The CLI help output doesn’t explain anything about these distinctions. (Still says “Remove all unused local volumes”, nothing about anonymous vs named)

Yeah, the help needs to change to say ‘anonymous.’

The documentation does not explain anything about these distinctions. (Same as above). We had to look in a specific change log to find the information.

Same as the help output, PRs welcome.

Seems like when you change something like this, “principal of least surprise” should apply. I don’t care about anonymous volumes vs named volumes, for one.

I’d like to point out you’re a tiny minority there – for the vast majority of users, “Docker deleted my data after I ran system prune -a” has been a sharp edge for years. Most users expect prune to ‘clean up garbage,’ not ‘clean up the things I wanted Docker to keep.’
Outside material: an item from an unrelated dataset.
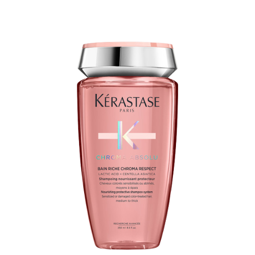 Oplev den banebrydende Chroma Absolu-teknologi med Kérastase Bain Riche Chroma Respect 250 ml – en luksuriøs shampoo specielt udviklet til farvebehandlet hår, der har brug for ekstra næring og beskyttelse. Denne innovative formel er beriget med plejende syrer og Centella Asiatica, som arbejder i dybden for at afhjælpe de mest almindelige udfordringer ved farvet hår: porøsitet, knækket hår, krus på grund af farve og en mat eller ustabil hårfarve.

As mentioned (and acknowledged by you), this change was not actually propagated to other parts of the CLI.

The only part where this possibly needs to propagate is docker system prune -a and we’re still not sure what the better behavior is.

That way, if a Docker user sees a volume isn’t getting cleaned up, they can run -h, and hopefully notice mention of named vs anonymous volumes.

Agreed, there should be an example of using the all filter in the help text.


Please keep in mind that this has been a persistent pain for educators, commercial support, and undercaffinated experts for years. People are here in this thread because they find the behavior change surprising, and yeah, it looks like review missed the docs updates needed (and this is because of the historical incorrect split of client/server logic we are still cleaning up) – however, please keep in mind that this thread represents the minority of users who find this behavior unexpected or problematic.

We certainly can improve here, and there are a lot of valid points, but the happy path for the majority of users is to stop pruning named volumes by default.

root@server ~ [125]# docker volume prune --all
unknown flag: --all
See 'docker volume prune --help'.

root@server ~ [125]# docker --version
Docker version 23.0.0, build e92dd87